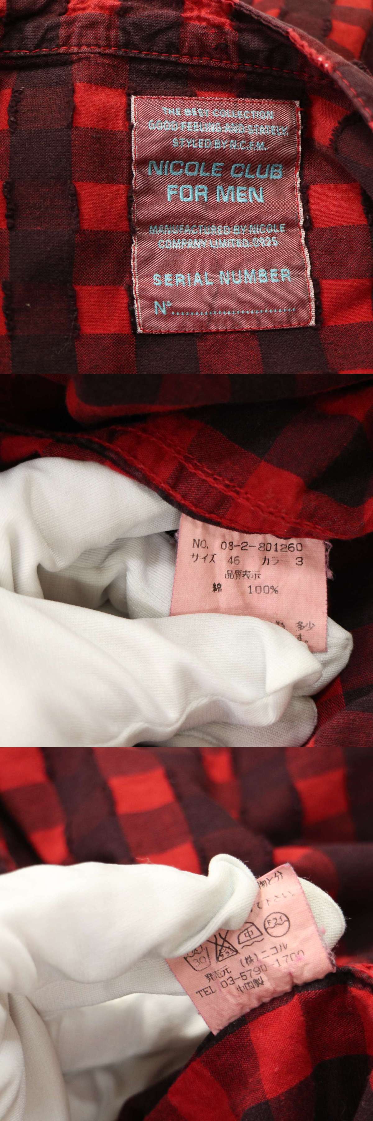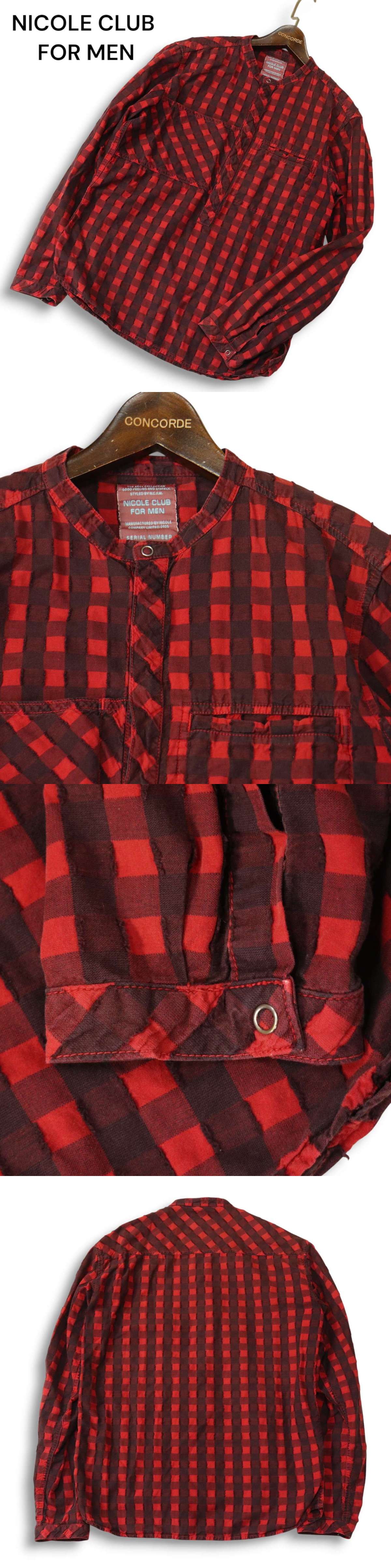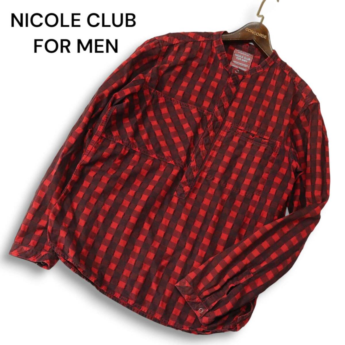 Y2K 00s★ NICOLE CLUB FOR MEN ニコルクラブ フォーメン 通年 長袖 バンドカラー チェック シャツ Sz.46 メンズ 赤
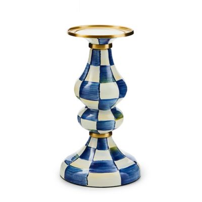 Make an enlightening statement of style by displaying your pillar candles on the Royal Check® Medium Pillar Candlestick. Made of a heavy-gauge, hand-glazed steel underbody with hand-painted blue checks, it’s embellished with brass accents and rimmed in bronzed stainless steel.
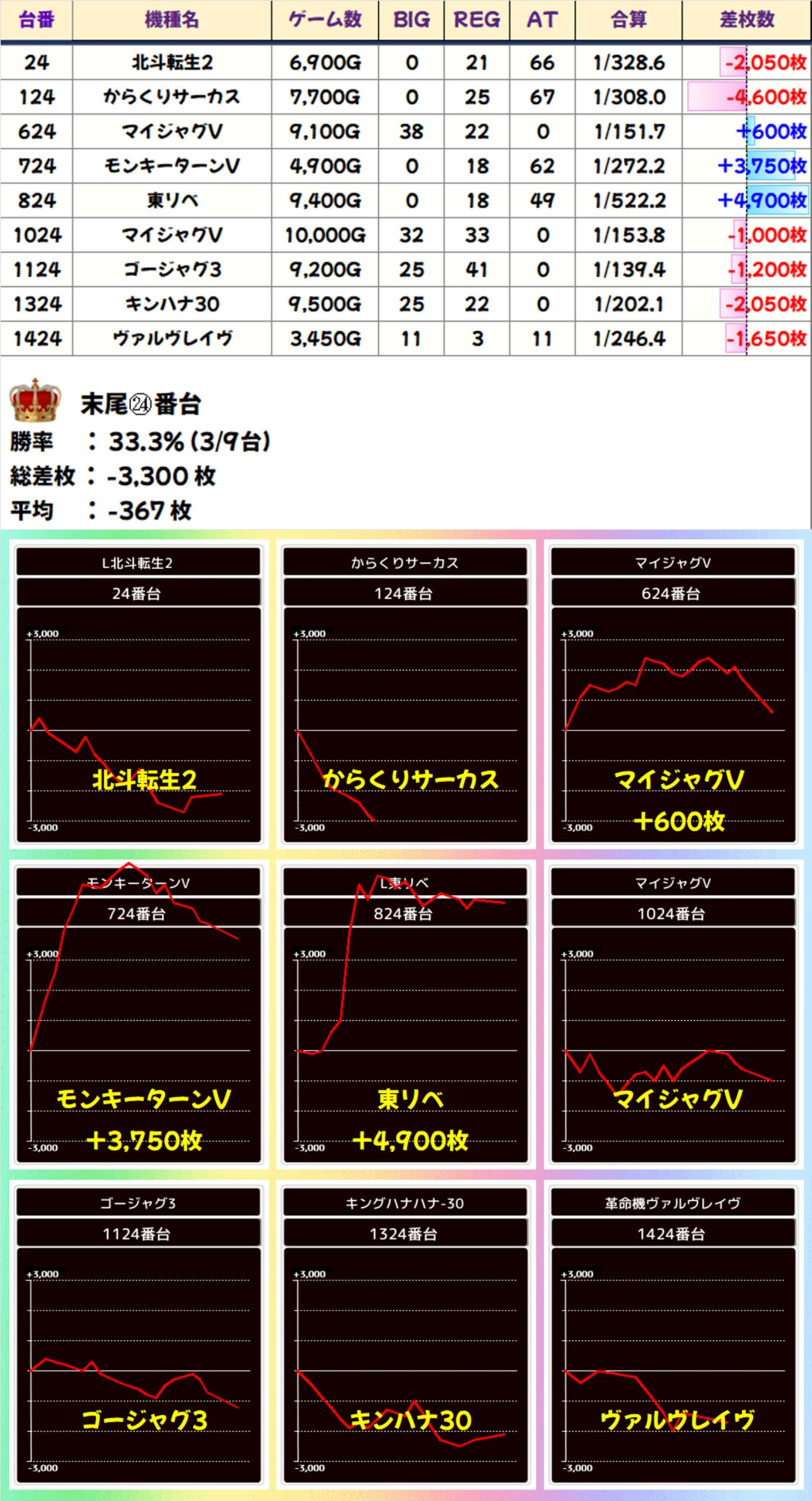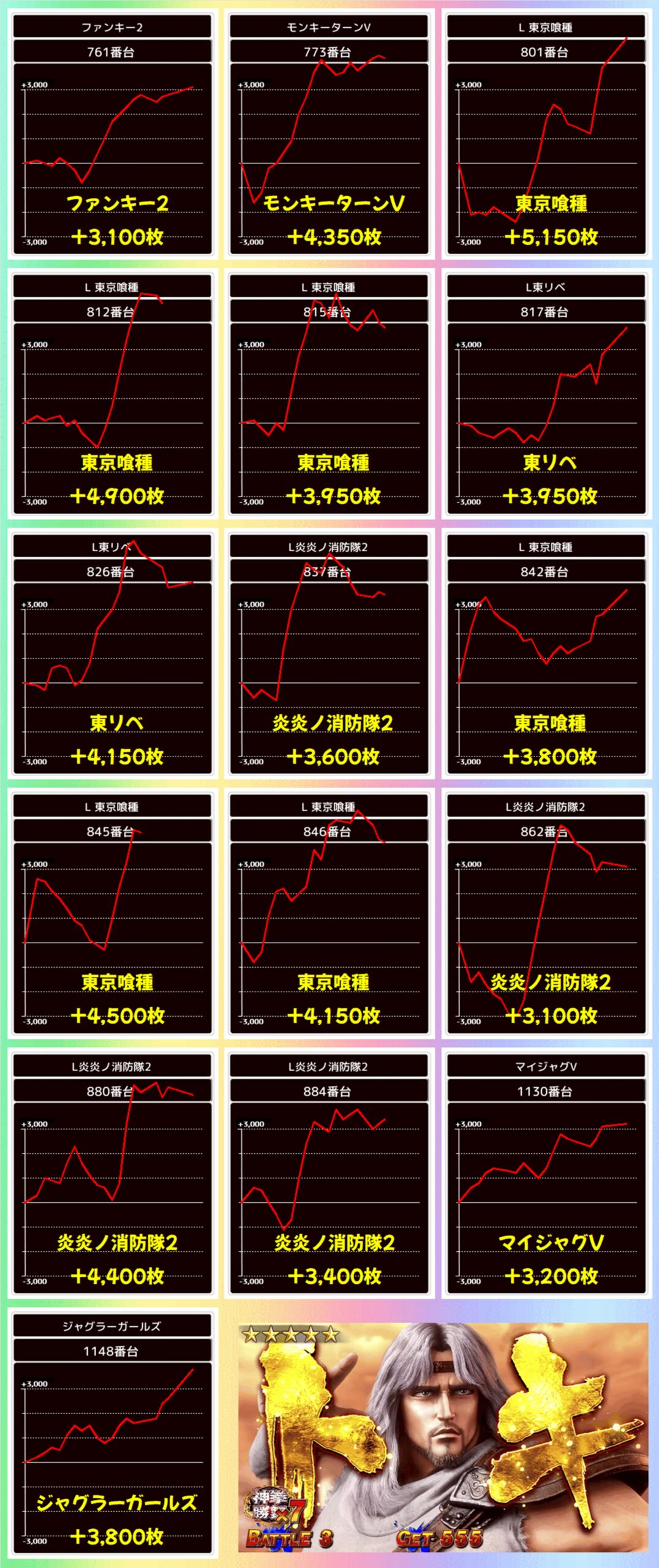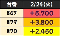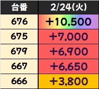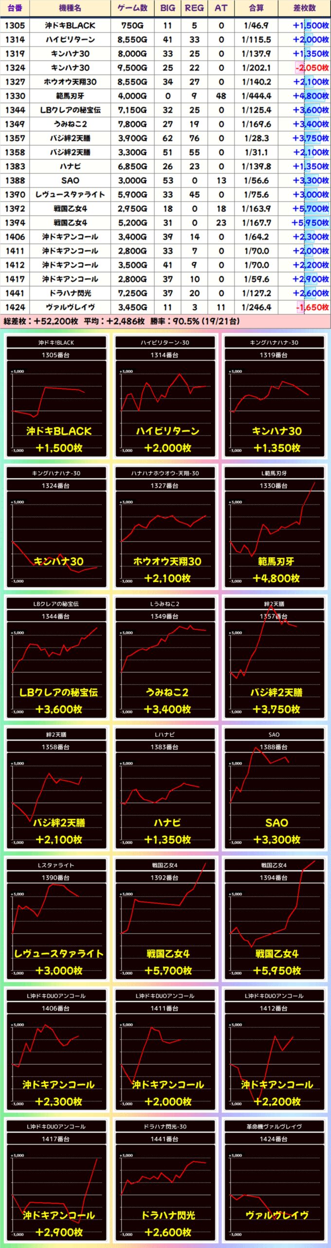 残念ながら不発の台もありましたが、21台中19台がプラスとなり、平均+2486枚の好成績となりましたね!

—————

» **What you have to do**: Write out, word for word, the lines running from the one containing "Make an enlightening" to the end of the data above; the pictures are to be left out.

» **Answer to this task**:
 Make an enlightening statement of style by displaying your pillar candles on the Royal Check® Medium Pillar Candlestick. Made of a heavy-gauge, hand-glazed steel underbody with hand-painted blue checks, it’s embellished with brass accents and rimmed in bronzed stainless steel.
 残念ながら不発の台もありましたが、21台中19台がプラスとなり、平均+2486枚の好成績となりましたね!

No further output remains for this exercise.